Cour d’appel de Bordeaux, le 16 mai 2025, n°25/01009

La Cour d’appel de Bordeaux, statuant le 16 mai 2025, a examiné un pourvoi formé contre un jugement d’ouverture de procédure collective. Le débiteur, entrepreneur individuel à responsabilité limitée, contestait la réunion de ses patrimoines personnel et professionnel. La cour a d’abord rejeté une fin de non-recevoir puis infirmé la décision première sur le fond. Elle a ainsi précisé les conditions de la réunion des patrimoines en cas de cessation d’activité.
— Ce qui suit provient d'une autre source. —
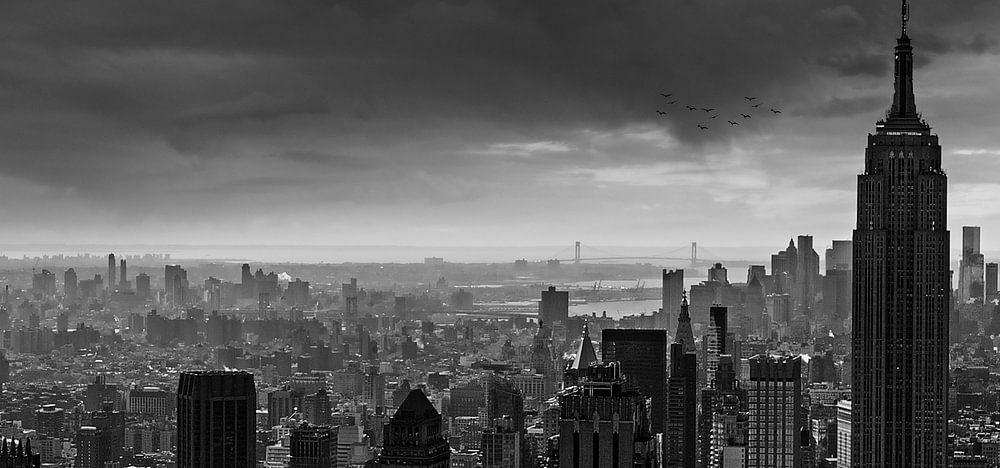 Black-and-white shot of the New York City skyline. The photo was taken from Rockefeller centre in a southerly direction. The Empire State Building can be seen in the foreground on the right, the Statue of Liberty behind on the right and the Brooklyn Bridge on the left.
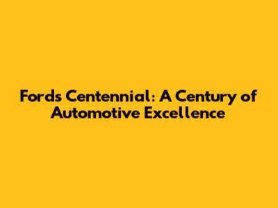 Ford's Centennial: A Century Of Automotive Excellence
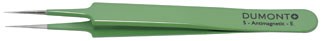 Blue Epoxy-coated (Inox 02) and green epoxy-coated (non-magnetic stainless steel) style 5, super thin tips. (Note: Tips are not coated). The Dumont Electronic Grade is well finished, with points matching precisely.
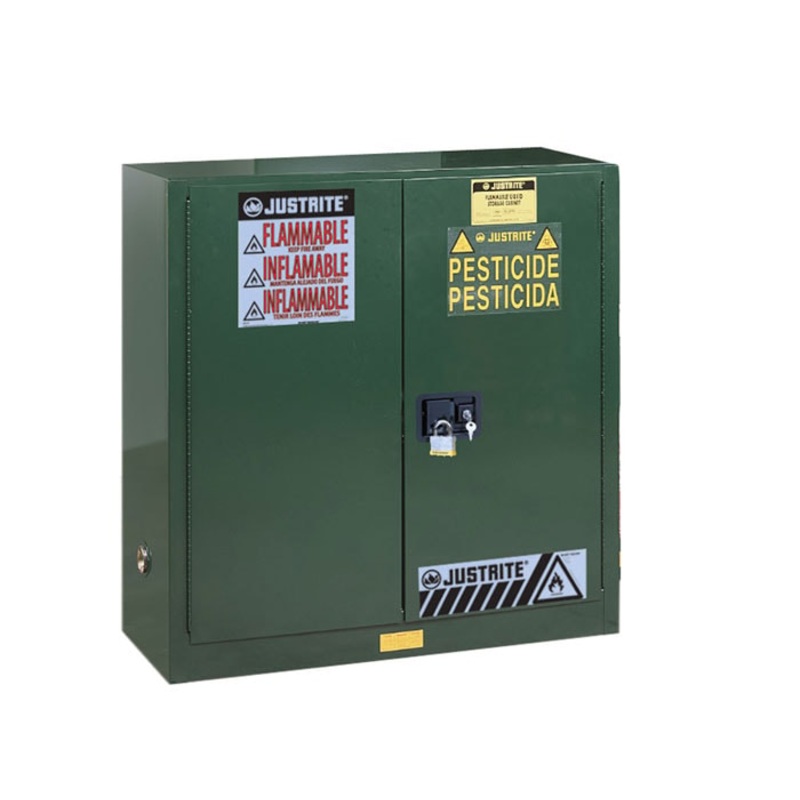 Pesticides present a substantial danger to people and the environment when improperly stored. Pesticide safety cabinets allow segregation of liquids stored at the worksite, eliminating the potential for drips and spills during the transfer of pesticides. Dissimilar pesticides stored separately prevent one from contaminating another or the accidental use of the wrong chemical.
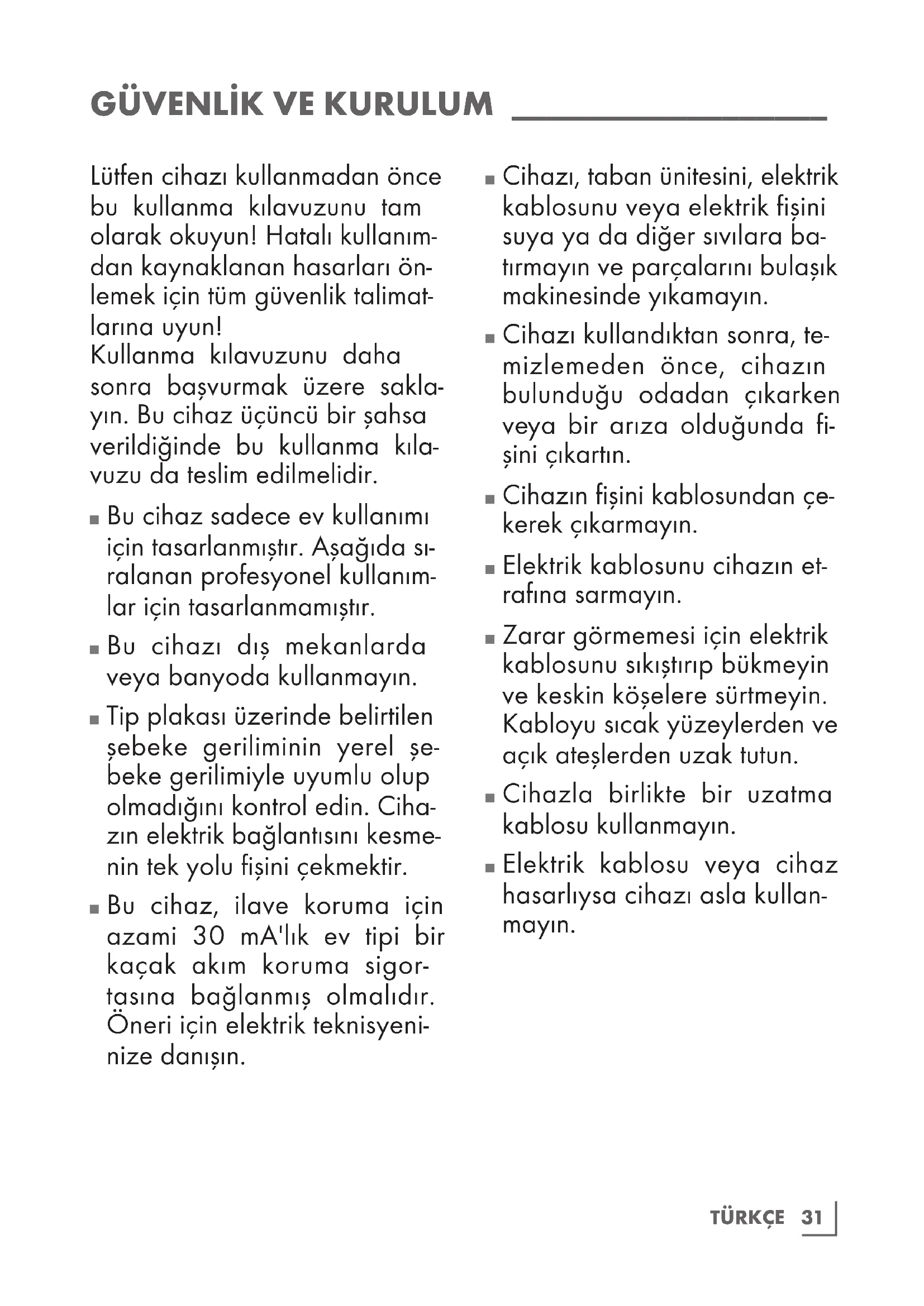 Lütfen cihazı kullanmadan önce bu kullanma kılavuzunu tam olarak okuyun! Hatalı kullanım- dan kaynaklanan hasarları ön- lemek için tüm güvenlik talimat- larına uyun! Kullanma kılavuzunu daha sonra başvurmak üzere sakla- yın. Bu cihaz üçüncü bir şahsa verildiğinde bu kullanma kıla- vuzu da teslim edilmelidir.
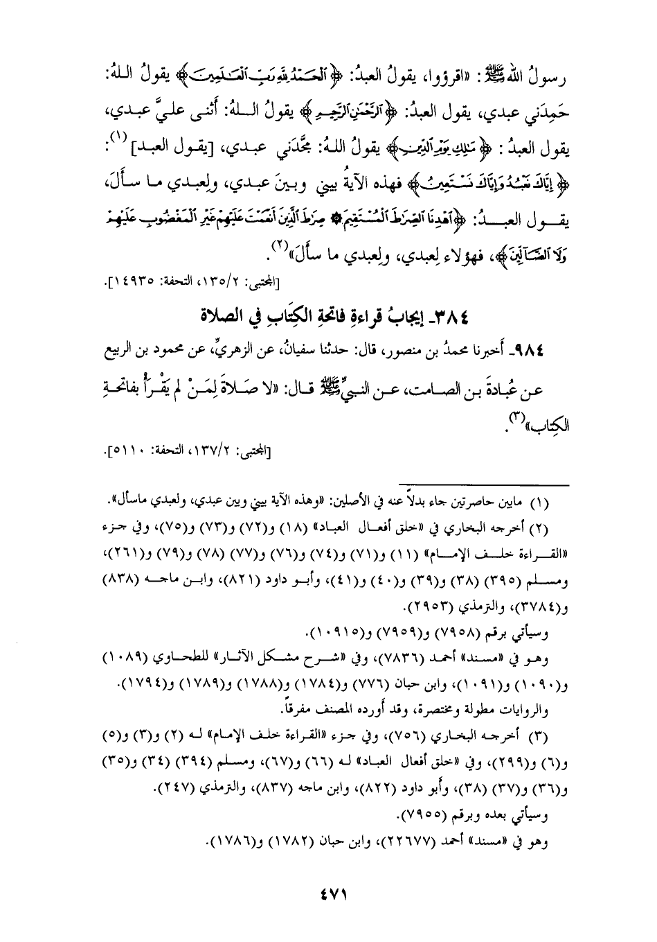 983 - أَخْبَرَنَا قُتَيْبَةُ بْنُ سَعِيدٍ، عَنْ مَالِكٍ، عَنِ الْعَلَاءِ بْنِ عَبْدِ الرَّحْمَنِ، أَنَّهُ سَمِعَ أَبَا السَّائِبِ، مَوْلَى هِشَامِ بْنِ زُهْرَةَ يَقُولُ: سَمِعْتُ أَبَا هُرَيْرَةَ يَقُولُ: قَالَ رَسُولُ اللهِ صَلَّى اللهُ عَلَيْهِ وَسَلَّمَ: «مَنْ صَلَّى صَلَاةً لَمْ يَقْرَأْ فِيهَا، بِأُمِّ الْقُرْآنِ فَهِيَ خِدَاجٌ، هِيَ خِدَاجٌ، هِيَ خِدَاجٌ غَيْرُ تَمَامٍ»، فَقُلْتُ: يَا أَبَا هُرَيْرَةَ، إِنِّي أَحْيَانًا أَكُونُ وَرَاءَ الْإِمَامِ، فَغَمَزَ ذِرَاعِي، وَقَالَ: اقْرَأْ بِهَا يَا فَارِسِيُّ فِي نَفْسِكَ، فَإِنِّي سَمِعْتُ رَسُولَ اللهِ صَلَّى اللهُ عَلَيْهِ وَسَلَّمَ، يَقُولُ: " قَالَ اللهُ: قَسَمْتُ الصَّلَاةَ بَيْنِي وَبَيْنَ عَبْدِي نِصْفَيْنِ، فَنِصْفُهَا لِي، وَنِصْفُهَا لِعَبْدِي، وَلِعَبْدِي، مَا سَأَلَ "، قَالَ رَسُولُ اللهِ صَلَّى اللهُ عَلَيْهِ وَسَلَّمَ: " اقْرَءُوا يَقُولُ الْعَبْدُ: {§الْحَمْدُ لِلَّهِ رَبِّ الْعَالَمِينَ} [الفاتحة: 2]، يَقُولُ اللهُ: حَمِدَنِي عَبْدِي.، يَقُولُ الْعَبْدُ: {الرَّحْمَنِ الرَّحِيمِ} [الفاتحة: 1]، يَقُولُ اللهُ: أَثْنَى عَلَيَّ عَبْدِي. يَقُولُ الْعَبْدُ: {مَالِكِ يَوْمِ الدِّينِ} يَقُولُ اللهُ: مَجَّدَنِي عَبْدِي، يَقُولُ الْعَبْدُ: {إِيَّاكَ نَعْبُدُ وَإِيَّاكَ نَسْتَعِينُ} [الفاتحة: 5] فَهَذِهِ الْآيَةُ بَيْنِي وَبَيْنَ عَبْدِي، وَلِعَبْدِي مَا سَأَلَ، يَقُولُ الْعَبْدُ: {اهْدِنَا الصِّرَاطَ الْمُسْتَقِيمَ، صِرَاطَ الَّذِينَ أَنْعَمْتَ عَلَيْهِمْ، غَيْرِ الْمَغْضُوبِ عَلَيْهِمْ، وَلَا الضَّالِّينَ} [الفاتحة: 7] فَهَؤُلَاءِ لِعَبْدِي، وَلِعَبْدِي مَا سَأَلَ "

Le droit d’agir en appel du débiteur partiellement succombant

L’existence d’un intérêt à agir constitue une condition essentielle de la recevabilité de l’appel. Le liquidateur soutenait l’irrecevabilité du pourvoi du débiteur, estimant qu’il était dépourvu d’un tel intérêt. La cour a rappelé les principes généraux gouvernant les fins de non-recevoir et le droit d’appel. Elle a cité l’article 546 du code de procédure civile qui dispose que « Le droit d’appel appartient à toute partie qui y a intérêt, si elle n’y a pas renoncé » (par. 10). L’analyse des motifs et du dispositif du jugement attaqué a révélé une erreur matérielle. Le tribunal avait en réalité prononcé une liquidation judiciaire sur les deux patrimoines, alors que son dispositif mentionnait un redressement judiciaire. Le débiteur, ayant sollicité une liquidation limitée à son patrimoine professionnel, avait donc succombé en partie. La cour en a déduit qu’il avait un intérêt légitime à contester l’étendue de la mesure. Elle a ainsi jugé que « Ce dernier avait donc intérêt à interjeter appel du jugement puisqu’il existait une succombance partielle » (par. 14). Cette solution affirme avec force que toute partie subissant un préjudice juridique dispose d’un droit d’accès à la juridiction d’appel. Elle protège le débiteur contre une décision affectant ses droits patrimoniaux au-delà de sa demande initiale. La portée de ce point est limitée à l’appréciation in concreto de l’intérêt, sans remettre en cause les principes généraux de la procédure collective.

Les conditions strictes de la réunion des patrimoines en EIRL

Le cœur de l’arrêt concerne l’interprétation des textes régissant la réunion des patrimoines de l’entrepreneur individuel. Le débiteur invoquait une contradiction dans le jugement et l’absence de difficultés sur son patrimoine personnel. La cour a procédé à une analyse systématique du régime juridique de l’EIRL. Elle a rappelé la séparation patrimoniale de principe posée par l’article L526-6 du code de commerce (par. 18). Elle a ensuite cité l’avant-dernier alinéa de l’article L.526-22, qui prévoit que « dans le cas où un entrepreneur individuel cesse toute activité professionnelle indépendante, le patrimoine professionnel et le patrimoine personnel sont réunis » (par. 18). L’enjeu était d’interpréter la notion de cessation d’activité. Les premiers juges avaient retenu la réunion au motif que le débiteur avait cessé son activité depuis plusieurs semaines et recherchait un emploi salarié. La cour d’appel a adopté une interprétation plus exigeante. Elle a constaté que le débiteur avait déclaré un chiffre d’affaires jusqu’en 2024 et produit des devis postérieurs à la cessation des paiements. Elle a ainsi établi une distinction cruciale entre la difficulté d’exercice et l’arrêt effectif. Elle a posé que « la cessation de l’activité justifiant la réunion des patrimoines nécessite un arrêt de l’activité professionnelle depuis plusieurs mois » (par. 22). Cette durée permet d’éviter une confusion entre les patrimoines. Le simple ralentissement d’activité ou les difficultés financières ne suffisent donc pas. La portée de cet arrêt est majeure pour la pratique des EIRL en difficulté. Il renforce la protection du patrimoine personnel en subordonnant sa mise en cause à un arrêt durable et avéré de l’activité professionnelle.